À la croisée des deux tendances fondamentales de la musicologie, la branche historique et la branche analytique, ce volume contient près de vingt contributions, où la recherche internationale est largement représentée, faisant le point tant sur l'état actuel des connaissances, que sur celui des interrogations. Il aborde les questions des influences et du contexte dans lequel travaillait Schubert, celles de sa technique compositionnelle, de l'organisation et de la signification dramaturgique de l'oeuvre, mais aussi les problématiques analytiques et théoriques posées par cette dernière, ainsi que la question particulière - et, dans le cas de Schubert, particulièrement aiguë, - de l'inachèvement.
Xavier Hascher enseigne la théorie musicale et l'analyse à l'université Marc-Bloch de Strasbourg, dont il a dirigé le département de Musique (institut de Musicologie) de 2000 à 2005. Il est l'auteur de deux ouvrages sur la musique de Schubert : Schubert : la forme sonate et son évolution (Peter Lang, 1996), et Symbole et fantasme dans l'adagio du Quintette à cordes de Schubert (L'Harmattan, 2005). Il a également réalisé la révision de la nouvelle édition du Schubert raconté par ceux qui l'ont vu de J.-G. Prod'homme (Stock, 1928, 1997).
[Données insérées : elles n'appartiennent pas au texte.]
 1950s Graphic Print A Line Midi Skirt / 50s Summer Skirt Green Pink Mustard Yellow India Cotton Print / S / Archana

On sait qu'à l'époque classique, la polarité tonique-dominante est devenue l'élément structurel par excellence de la forme sonate, appuyée sur le système tonal. Il y a donc une logique «naturelle» - ou perçue comme telle en tant que donnée pré-compositionnelle fondamentale du système - à mettre en oeuvre dans ce cadre, qui est celle du rapport de quinte. Notons bien que si Beethoven avait eu l'occasion de faire appel au rapport de tierce - médiante ou sous-médiante - dans ses mouvements de forme sonate, il ne bouleversait pas pour autant la polarité tonique-dominante, car ce rapport fonctionnait avec lui en tant que substitut du précédent. Or, comme l'a montré Xavier Hascher, l'incidence du rapport de tierce aux dépens de celui de quinte dans les mouvements de forme sonate de Schubert remet quant à elle en cause la dimension fonctionnelle du système tonal, diluant ainsi le dramatisme de la forme.
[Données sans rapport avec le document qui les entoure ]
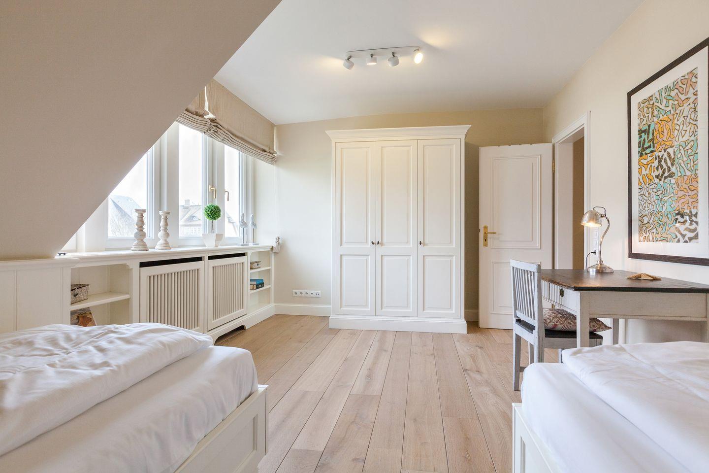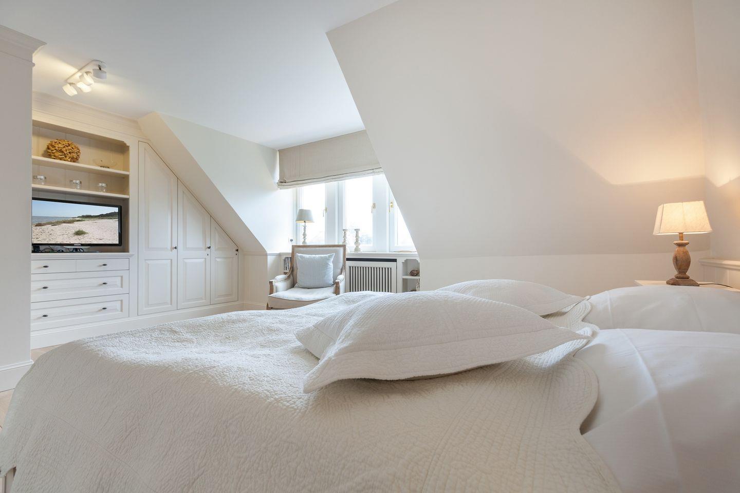 OG: Großzügiger Masterbedroom mit Doppelbett (ca. 2x2m) und Flat-TV. Bad mit WC und Badewanne/integrierte Duschmöglichkeit. Ein weiteres Schlafzimmer mit getrennten Betten (je 0,9x2m) empfängt Sie ebenfalls im Obergeschoss.

On observera alors que, s'agissant de son application dans la symphonie, ce phénomène prend un relief particulier. En effet, lorsque à partir de Beethoven la symphonie est devenue la forme architecturale par excellence, celle dans laquelle un compositeur fait le choix de se situer dans la longue durée, la perception de l'unité du morceau principal constitué normalement par le premier mouvement de forme sonate ne va pas de soi si l'auteur ne crée pas les conditions de sa «lisibilité»8. Dès lors, l'incidence de ce rapport dans les premiers mouvements de forme sonate chez Schubert introduit une rupture saisissante par rapport à la logique «naturelle» - ou, encore une fois, perçue comme telle - du système tonal, car elle remet en cause de façon particulièrement sensible la dimension fonctionnelle qu'il a alors acquise et, de ce fait, le dynamisme de la forme.
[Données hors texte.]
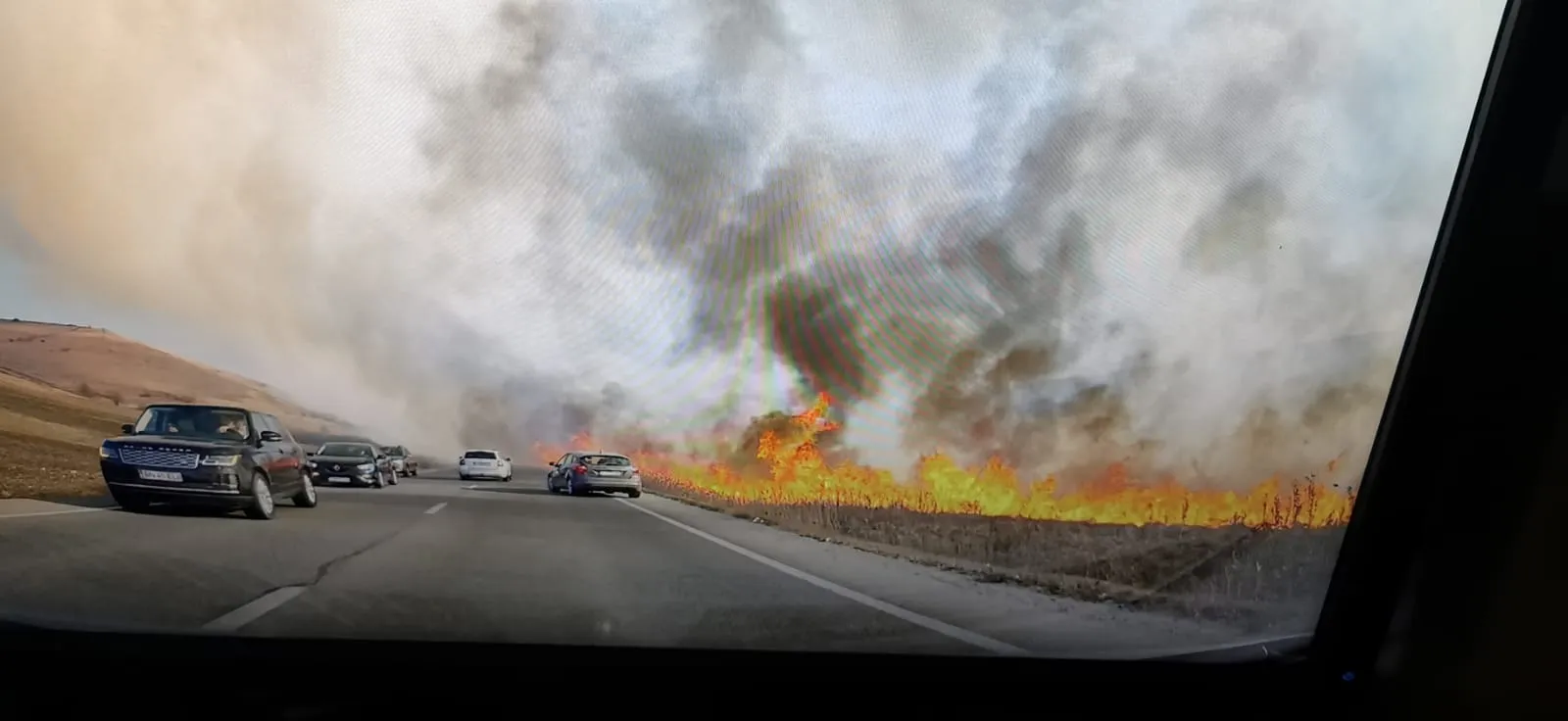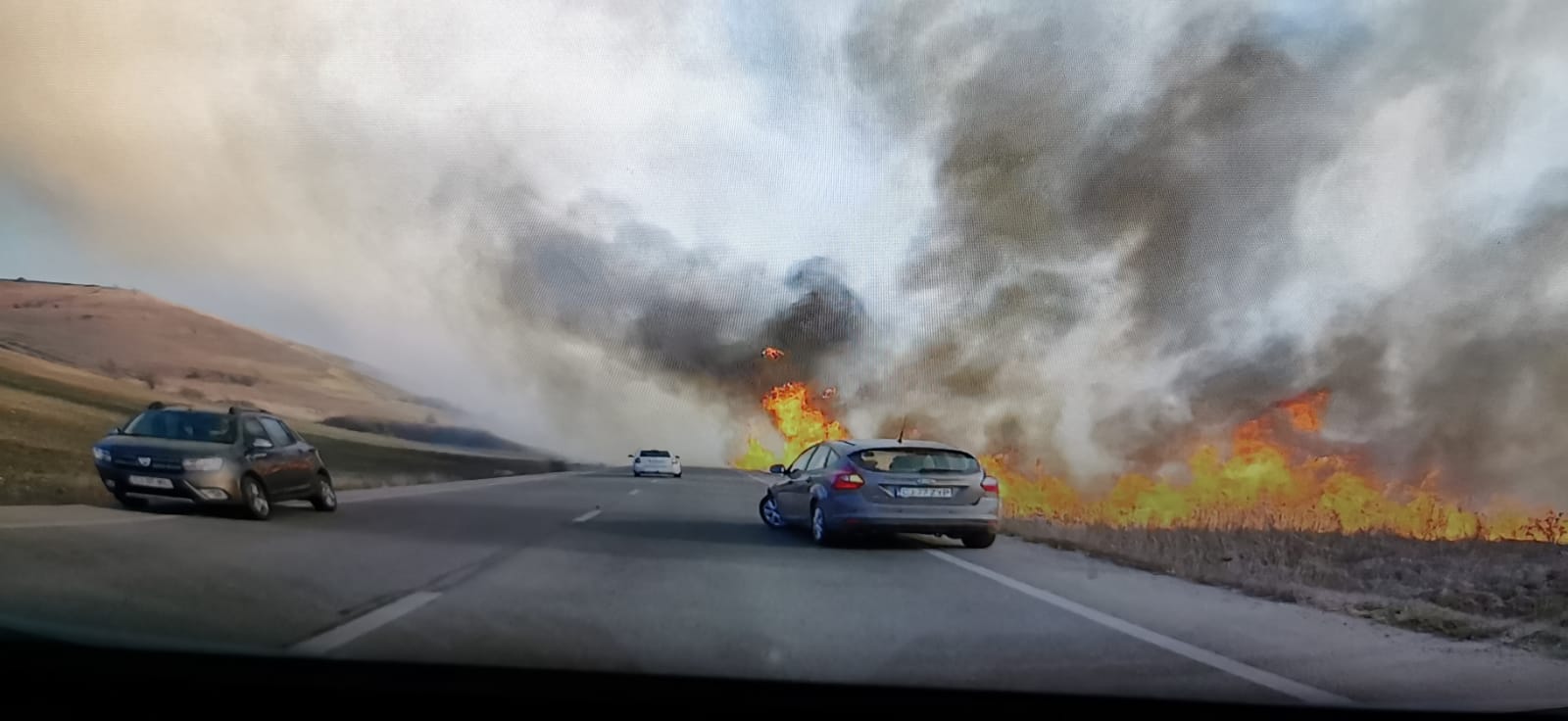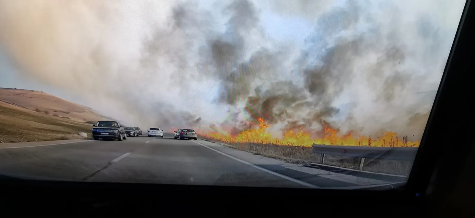 Focul a fost extrem de violent, iar la un moment dat a ajuns chiar pe drum, șoferii fiind nevoiți să oprească.
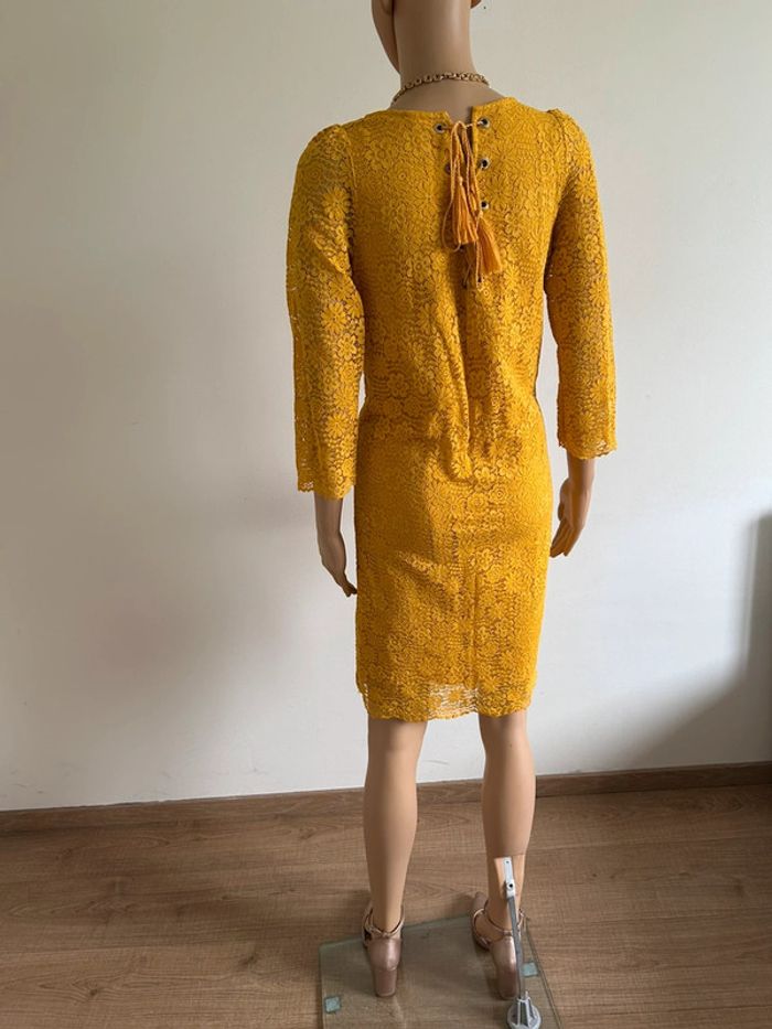 Robe jaune en dentelle Naf Naf taille 38 excellent état - photo numéro 3
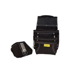 This 11-pocket combo work apron is made from durable split leather. It features 3 pockets reversed for easy access and rust-resistant capped rivets. It comes with 2 pencil pockets, a rust-resistant metal hammer holder and a rust-resistant metal tape holder. It comes with a convenient easy carry handle to make your job easier. Leather fold over loops fits 3″ belt.

C'est sans doute dans le premier mouvement de la célèbre Symphonie inachevée D759 (où l'on passe de si mineur à la région de la sous-médiante sol majeur) que ce qui vient d'être décrit se traduit de la façon la plus familière chez Schubert. Il demeure qu'on le rencontre ailleurs, et avant : ainsi, la Symphonie tragique D417 exploite déjà la sous-médiante dans le cadre du rapport do mineur-la bémol majeur, tandis que la Septième et la Neuvième Symphonie (D729 et D944, «la Grande») font appel à la médiante (respectivement dans le cadre du rapport mi majeur-sol majeur et do majeur-mi mineur).